__PROBLEM STATEMENT__: If pictures appear in the lines below, skip them and copy exactly the lines from the one containing "The Download Starter" through the one containing "Po uradnih podatki", and nothing else.

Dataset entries

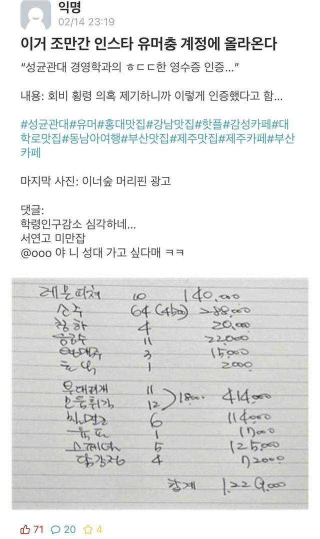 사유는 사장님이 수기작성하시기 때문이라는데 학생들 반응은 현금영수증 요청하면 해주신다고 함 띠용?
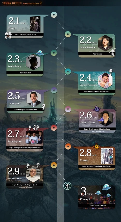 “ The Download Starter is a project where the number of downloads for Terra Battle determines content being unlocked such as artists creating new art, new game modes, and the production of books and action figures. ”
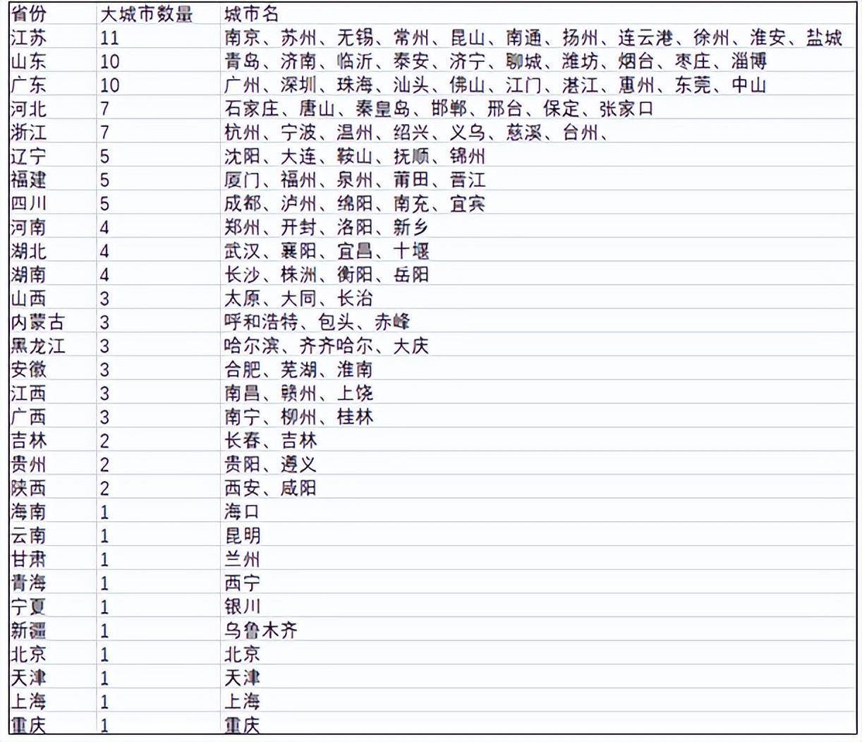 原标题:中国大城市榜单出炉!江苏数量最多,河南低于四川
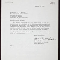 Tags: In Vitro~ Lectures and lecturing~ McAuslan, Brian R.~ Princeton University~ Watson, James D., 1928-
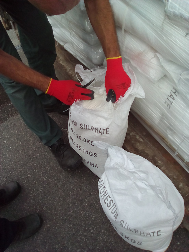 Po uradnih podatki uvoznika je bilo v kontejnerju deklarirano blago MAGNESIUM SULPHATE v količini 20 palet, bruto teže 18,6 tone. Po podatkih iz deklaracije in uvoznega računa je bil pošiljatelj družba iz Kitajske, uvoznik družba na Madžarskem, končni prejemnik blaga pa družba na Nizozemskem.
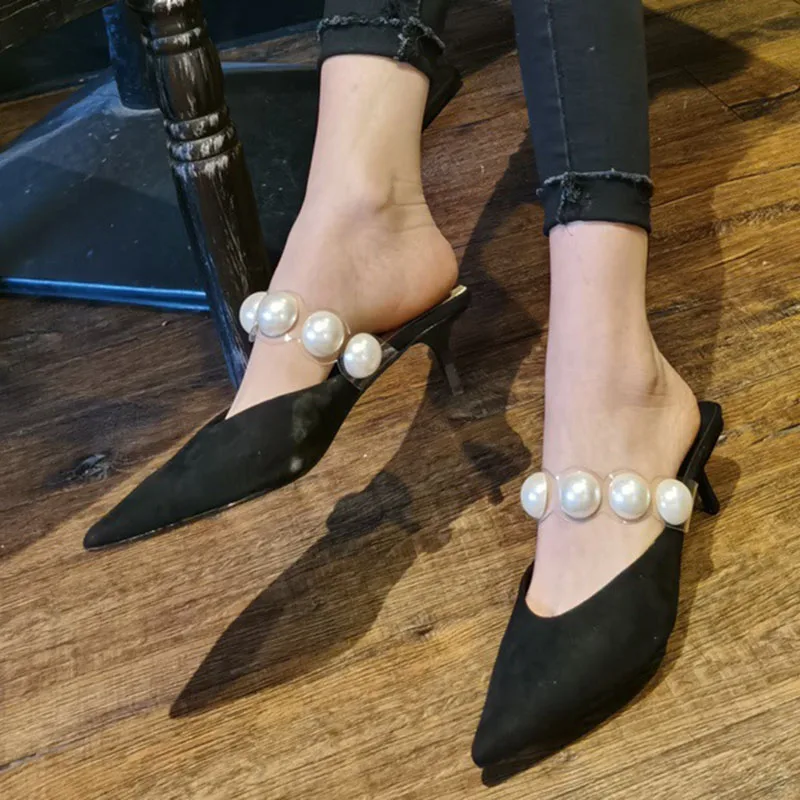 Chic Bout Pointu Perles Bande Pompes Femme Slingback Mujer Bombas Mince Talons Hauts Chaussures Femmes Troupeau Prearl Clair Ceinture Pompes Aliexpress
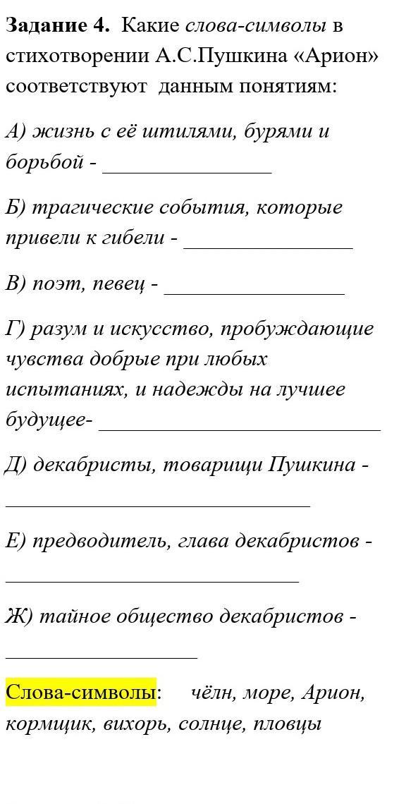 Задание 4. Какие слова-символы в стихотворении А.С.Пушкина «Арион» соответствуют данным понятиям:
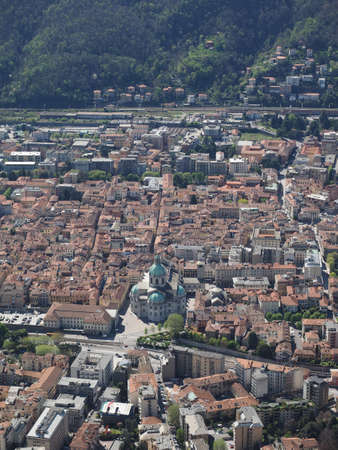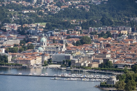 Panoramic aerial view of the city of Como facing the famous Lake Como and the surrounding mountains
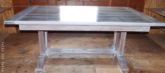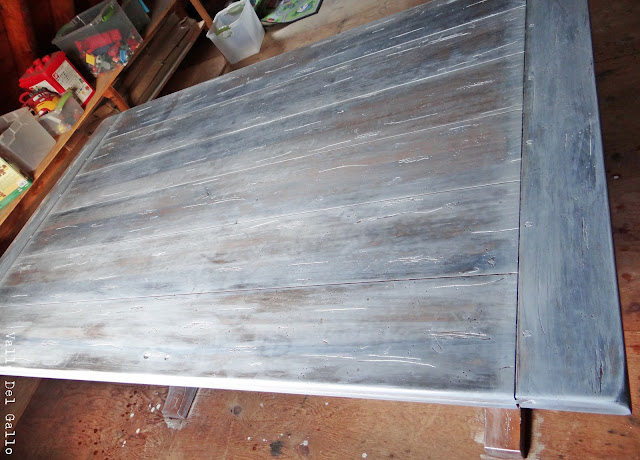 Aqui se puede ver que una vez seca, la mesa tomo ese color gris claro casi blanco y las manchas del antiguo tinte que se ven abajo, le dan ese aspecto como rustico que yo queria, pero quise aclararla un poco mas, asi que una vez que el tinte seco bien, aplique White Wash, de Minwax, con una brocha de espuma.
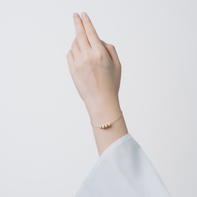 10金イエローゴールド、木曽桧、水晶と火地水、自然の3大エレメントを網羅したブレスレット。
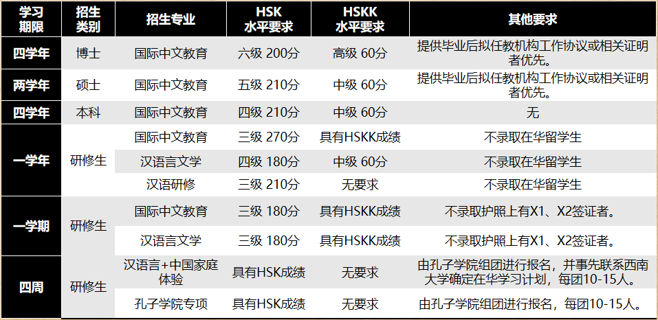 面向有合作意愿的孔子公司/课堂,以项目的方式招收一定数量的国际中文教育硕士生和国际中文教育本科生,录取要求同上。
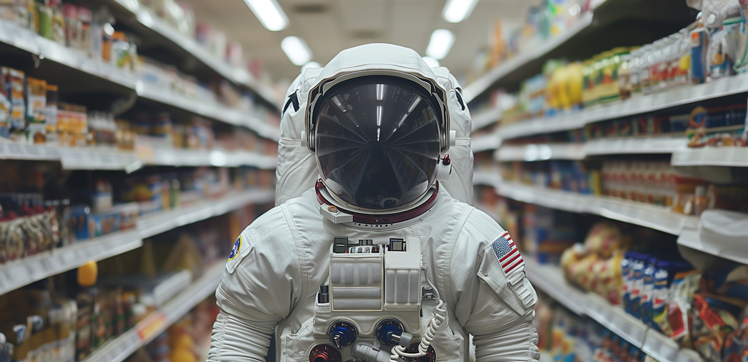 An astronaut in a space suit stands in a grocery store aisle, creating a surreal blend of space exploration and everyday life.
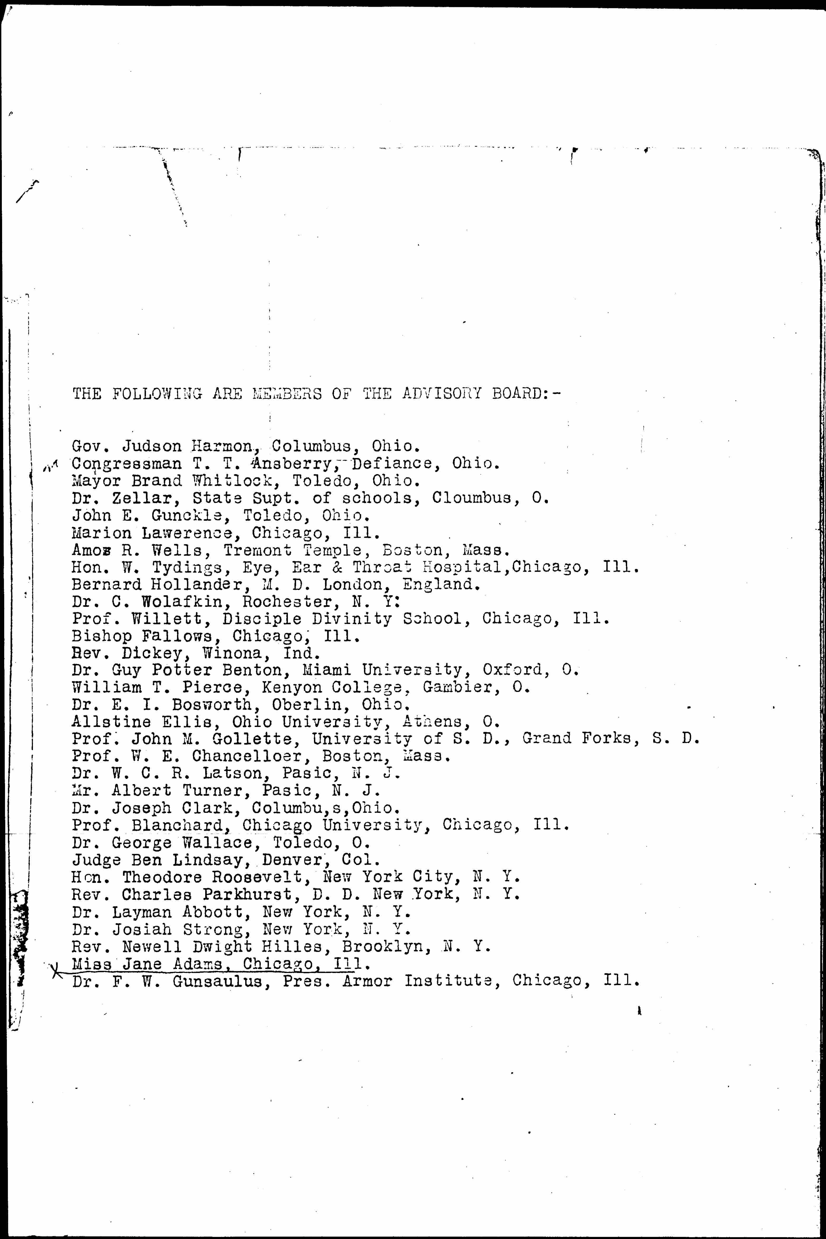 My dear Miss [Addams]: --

__ANSWER FOR THIS EXERCISE__:
 “ The Download Starter is a project where the number of downloads for Terra Battle determines content being unlocked such as artists creating new art, new game modes, and the production of books and action figures. ”
 原标题:中国大城市榜单出炉!江苏数量最多,河南低于四川
 Tags: In Vitro~ Lectures and lecturing~ McAuslan, Brian R.~ Princeton University~ Watson, James D., 1928-
 Po uradnih podatki uvoznika je bilo v kontejnerju deklarirano blago MAGNESIUM SULPHATE v količini 20 palet, bruto teže 18,6 tone. Po podatkih iz deklaracije in uvoznega računa je bil pošiljatelj družba iz Kitajske, uvoznik družba na Madžarskem, končni prejemnik blaga pa družba na Nizozemskem.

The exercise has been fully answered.